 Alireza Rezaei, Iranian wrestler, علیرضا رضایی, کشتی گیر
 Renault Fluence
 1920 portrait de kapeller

········

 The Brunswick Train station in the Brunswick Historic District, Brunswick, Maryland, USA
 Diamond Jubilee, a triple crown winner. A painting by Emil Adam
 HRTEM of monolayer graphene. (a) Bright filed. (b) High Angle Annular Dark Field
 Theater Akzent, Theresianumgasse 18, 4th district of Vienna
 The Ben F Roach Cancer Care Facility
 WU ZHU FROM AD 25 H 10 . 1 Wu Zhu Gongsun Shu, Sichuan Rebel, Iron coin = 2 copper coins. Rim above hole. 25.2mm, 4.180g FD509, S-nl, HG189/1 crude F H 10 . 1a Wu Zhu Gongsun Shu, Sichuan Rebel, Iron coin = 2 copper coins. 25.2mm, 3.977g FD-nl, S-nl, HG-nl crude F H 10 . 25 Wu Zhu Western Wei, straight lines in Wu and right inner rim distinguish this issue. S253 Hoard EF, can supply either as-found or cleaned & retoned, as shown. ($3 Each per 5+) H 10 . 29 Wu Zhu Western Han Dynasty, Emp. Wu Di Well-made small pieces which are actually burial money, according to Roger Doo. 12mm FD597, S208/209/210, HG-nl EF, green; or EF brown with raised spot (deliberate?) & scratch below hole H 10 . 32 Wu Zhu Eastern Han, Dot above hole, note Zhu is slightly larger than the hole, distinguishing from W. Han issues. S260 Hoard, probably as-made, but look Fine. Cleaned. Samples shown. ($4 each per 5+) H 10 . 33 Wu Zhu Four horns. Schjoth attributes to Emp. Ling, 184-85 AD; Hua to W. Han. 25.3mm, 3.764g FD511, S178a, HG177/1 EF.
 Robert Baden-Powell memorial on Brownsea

········

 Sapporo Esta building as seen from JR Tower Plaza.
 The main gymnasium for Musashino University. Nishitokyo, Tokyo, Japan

········

▶ [THE TASK]:
Using the entries above, repeat only the lines from the one containing "Alireza Rezaei, Iranian" through the one containing "1920 portrait de kapeller", end lines included.

▶ [RESULT FOR THIS TASK]:
 Alireza Rezaei, Iranian wrestler, علیرضا رضایی, کشتی گیر
 Renault Fluence
 1920 portrait de kapeller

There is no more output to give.